A ruling issued yesterday by the Departments of Health and Human Services (HHS), Labor, and the Treasury will provide free access to clinical preventive care for millions of Americans.
In an unveiling ceremony held Wednesday, the White House issued new regulations that will require all health insurance plans to provide certain preventive services at no cost to patients.
The rules, which belong to the Affordable Care Act, will go into effect on September 23, 2010. Patients who enroll in health plans on or after this date will be eligible to take advantage of a long list of “evidence-based preventive services,” according to a news release by the Department of Health and Human Services (HHS).
Copays, deductibles, and coinsurance payments will be eliminated for blood pressure, diabetes, and cholesterol tests; certain cancer screenings; counseling services for smoking, alcohol, depression, and obesity; as well as routine vaccines and flu and pneumonia shots.
The regulations also ensure comprehensive preventive care for children, covering regular physician’s office visits for babies, children, and adolescents up to age 21. These visits will include physicals, immunizations, and screenings and counseling for common childhood conditions. An additional suite of services will be available to pregnant and nursing women.
Although the rules will eliminate out-of-pocket costs for the services offered, the change is likely to raise insurance premiums by an average of 1.5%, the New York Times reported.
Like every aspect of health care reform, the plan has received mixed reviews. Supporters view the services as crucial to reducing the high costs of preventable chronic disease. According to HHS, eliminating cost sharing—a known barrier to the use of preventive care—is an essential first step. “Today, too many Americans do not get the high-quality preventive care they need to stay healthy, avoid or delay the onset of disease, lead productive lives, and reduce health care costs,” said HHS Secretary Kathleen Sebelius. The regulations are needed to “help transform the health care system from a system that focuses on treating the sick to a system that focuses on keeping every American healthy,” she added.
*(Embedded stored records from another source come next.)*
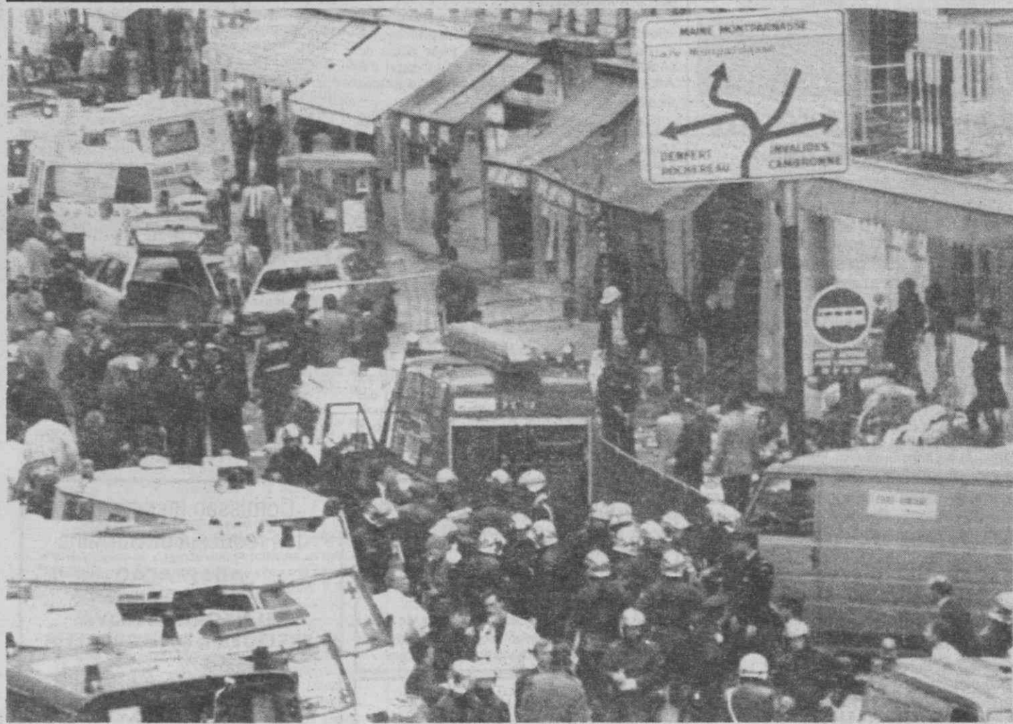
PARIS — Cena da explosão em pronto-a-vestir com bombeiros e ambulâncias no local. (Telefoto Reuter/NP) - Diário de Aveiro -

Foi igualmente aprovado um diploma que reforça as exigências às empresas responsáveis pela segurança dos elevadores, em ordem a evitar «acidentes» que lamentavelmente se vêm verificando». A legislação agora aprovada sobre esta matéria vem substituir outra «já completamente desactualizada que datava de há quase 20 anos».
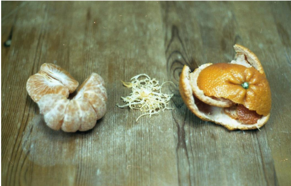
Dominik, fotografia, 90 x 60 cm, 2018
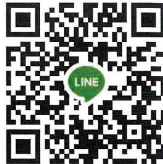
QR Code กลุ่มไลน์เพื่อส่งแบบสอบถามฯ
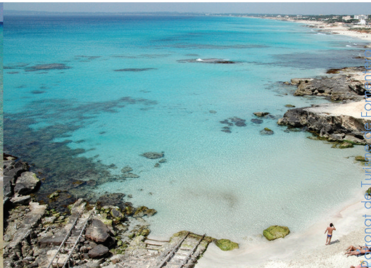
Patronat de Turisme de Formentera
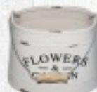
DONICZKA MAŁA 24 ZŁ DUŻA 31 ZŁ
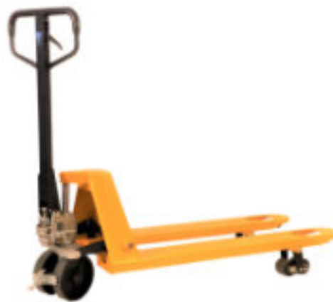
PAL BFQB 115 PU - optimal für Transport (Industrie-Rolli mit Quicklift = Schnellhub & Excenter Feststellbremse)
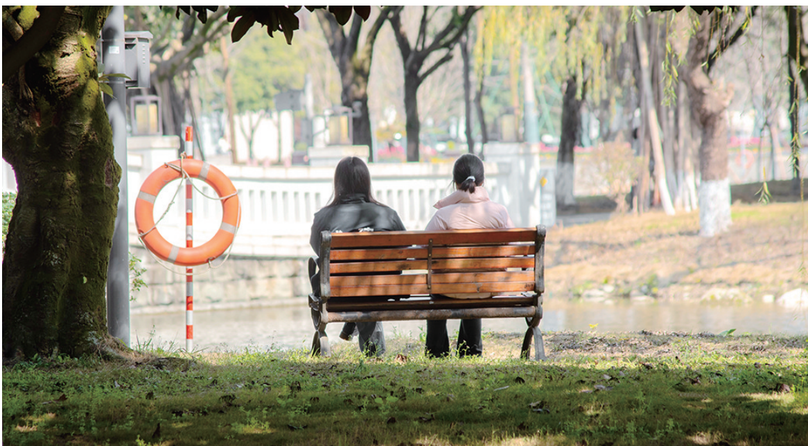
一年之计在于春,微风拂面暖人心
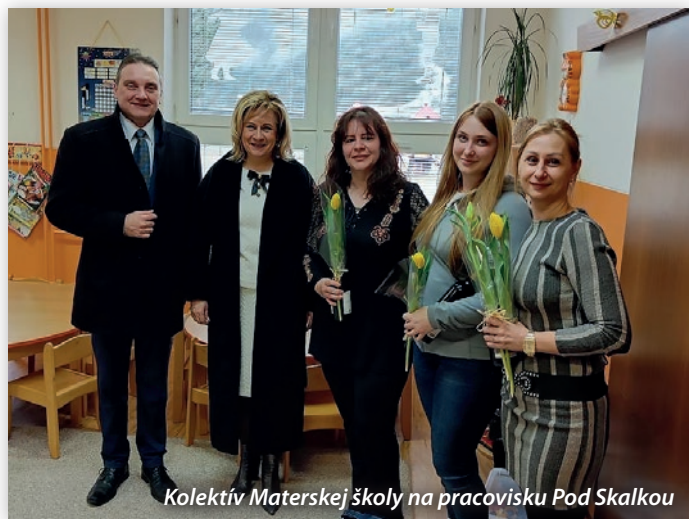
Kolektív Materskej školy na pracovisku Pod Skalkou

Návštevu začala primátorka slovami uznania: „Ste jedno z mála povolání, ktoré má svoj deň a ja si myslím, že to nie je nič zvláštne, že ho máte práve vy. Pretože vy ste tí, ktorí formujete mladých ľudí, vychovávate ich, odovzdávate im svoje vedomosti, skúsenosti a mnohokrát ste to práve vy, ktorí viete o tých deťoch viac ako rodičia. Sedíte pri nich, počúvate ich a pomáhate im. Vy ste boli tí, ktorí sa veľmi rýchlo zorganizovali aj počas pandémie a častokrát ste v provizórnych podmienkach zastrešili vzdelávanie a vyplnili čas deťom, ktoré boli doma. Boli ste nápomocní aj rodičom a našej spoločnosti. Práve preto by som sa vám v mene zriaďovateľa ako aj v mene vedenia mestského úradu chcela poďakovať za to, že sa na vás môžeme spoľahnúť a ja si dovoľím osobne vám popriať v prvom rade veľa zdravia a veľa tvorivých síl. Vaša práca je vaše povolanie, do ktorého sa musíte celým srdcom odovzdať. Chcela by som sa vám poďakovať aj za to, že šírite dobré meno vašej - našej školy nielen na Slovensku, ale aj v zahraničí. Prajem vám do ďalších životných, ale aj pracovných chvíľ všetko dobré.“ Všetkým učiteľom primátorka odovzdala na znak vďaky i malú pozornosť.
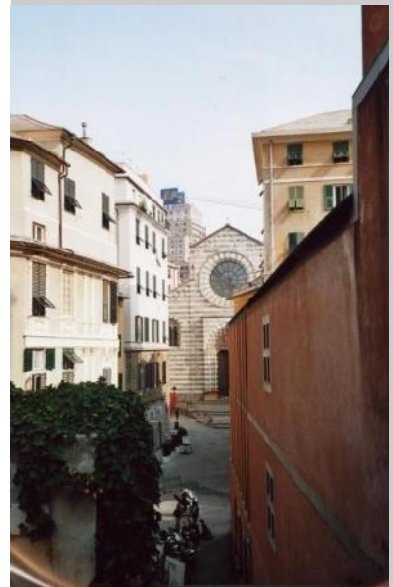
Architektur-Fakultät – Verbindung von Alt&Neu
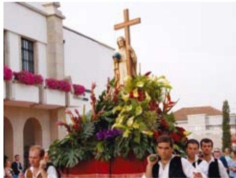
DIVINO SALVADOR - CASTELÕES DE CEPEDA
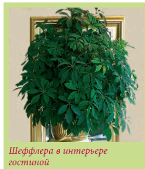
Шеффлера в интерьере гостиной
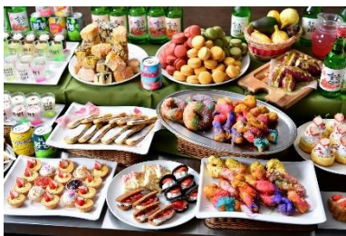
スイーツビュッフェ イメージ
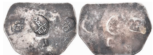
90 Notklippe zu 1 Taler (3,72g), 1610. Vier Stempel auf Silberplatte. Brause/Mansfeld -, ss. Vermutlich spätere Anfertigung! 100,—
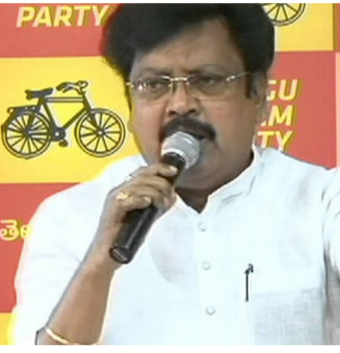
అమరావతి, ఏప్రిల్ 3 (పీపుల్స్ మోటివేషన్) :
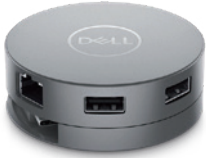
Dell USB-Cモバイル アダプター | DA310

幅広い種類のポートを搭載した、コンパクトな7-in-1 Dell USB-Cモバイル アダプターです。モニター、プロジェクター、ヘッドセット、キーボード、マウス、フラッシュドライブ、その他の周辺機器などの多様なデバイスとシームレスに接続できます。
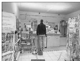
In der Postfiliale Bad Herrenalb stehen zwei Kundenschalter zur Verfügung.
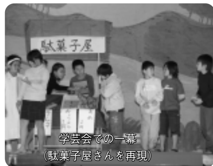
学芸会での一幕 (駄菓子屋さんを再現)

そして、101回生となる彼らは「わたしたちは今までの中部小のよき伝統を引き継ぎ、これからの新しい中部小を作っていきたいと思います」と、誇らしげに誓いの言葉を宣言しました。
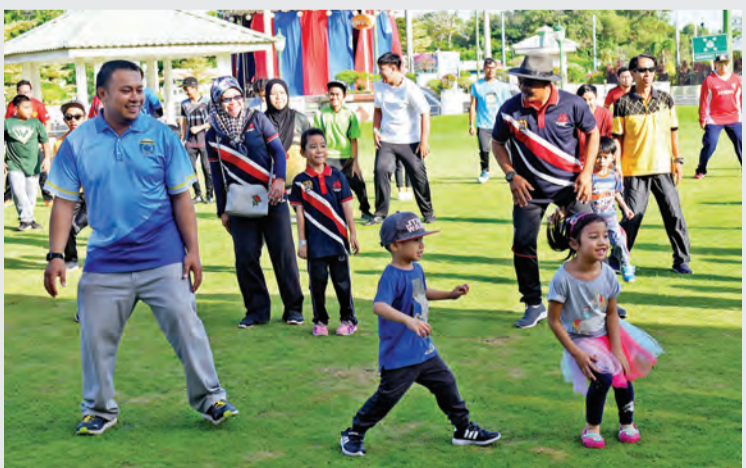
SAMBUTAN Hari Keluarga Tabung Amanah Pekerja 2018 dimeriahkan dengan acara senamrobik, walkaton dan aktiviti keluarga dan permainan bertempat di Jerudong Park Colonnade, Jerudong Park and Country Club.

Sambutan Hari Keluarga TAP bertujuan untuk memupuk semangat bekerjasama, perpaduan serta mengeratkan lagi hubungan silaturahim bukan sahaja dalam kalangan warga kerja TAP bahkan juga di antara ahli-ahli keluarga mereka dengan melakukan bersama aktiviti senamrobik, walkaton, serta beberapa permainan keluarga.
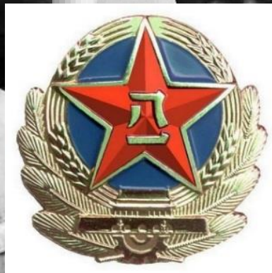
中国人民解放军军徽
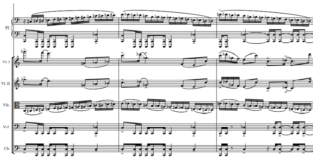
Obr. 10 Notová ukázka: La buona morte . Takty 34–36.

Pro skladbu jsou také charakteristickým a opakujícím se znakem četné rozsáhlé chromatické běhy (viz obr. 10). Ty je možné interpretovat jako odkaz k tzv. madrigalismům, tedy chromatickým pasážím, kterými skladatelé 16. století líčili obsah textu. Zároveň Filas využívá také prodlevy na tremolech a trylcích (např. part flétny a smyčců viz obr. 11) či ostinátní vedení smyčců.
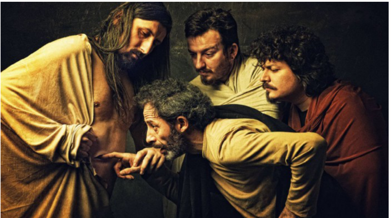
Караваджо. Неверие Фомы

Почему Иисус вдруг решил поесть? Именно для того, чтобы доказать ученикам, что Он — не дух. Ведь духи не едят!
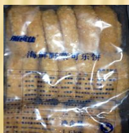
海鲜野菜可乐饼 (80g×20)/袋×5袋
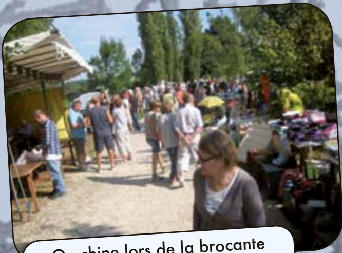
On chine lors de la brocante du 7 septembre 2014
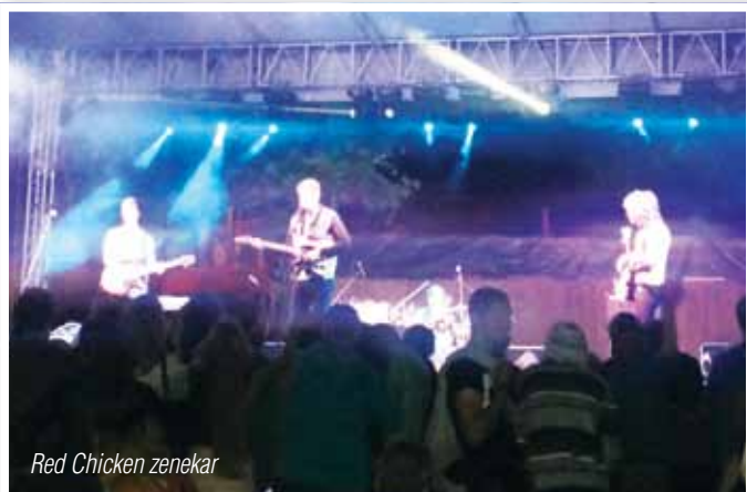
Red Chicken zenekar

A Napraforgó óvoda évzárója után az Ürömi Öröm Néptáncműhely gyermekcsoportjai léptek fel, a legtöbb csoport táncolt.
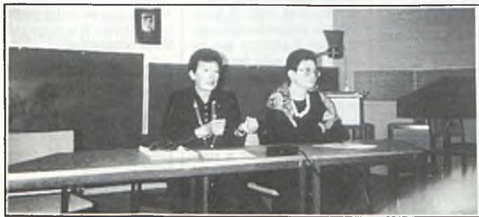
Un momento dell'incontro con la Lagostena Bassi a Melbourne

Critics of the plan believe it will open the door to lobbyists and disease advocates, in addition to raising the cost of insurance. In a report for the Washington Post, Christopher Weaver of the Kaiser Health Network wrote that the task force in charge of implementing the plan could become “a political lightning rod.”
“If it doesn't recommend a service,” Weaver argued, “insurers might not pay for it, and advocates might argue the decision is a barrier to care. If the panel does back a service, it might increase patients' access, as well as create new business opportunities.”
Now that the benefits are available, an additional challenge for the administration will be convincing Americans to take advantage of them. “Getting access to early care and screenings will go a long way in preventing chronic illnesses like diabetes, heart disease, and high blood pressure,” said First Lady Michelle Obama. “These are important tools, and now it’s up to us to use them.”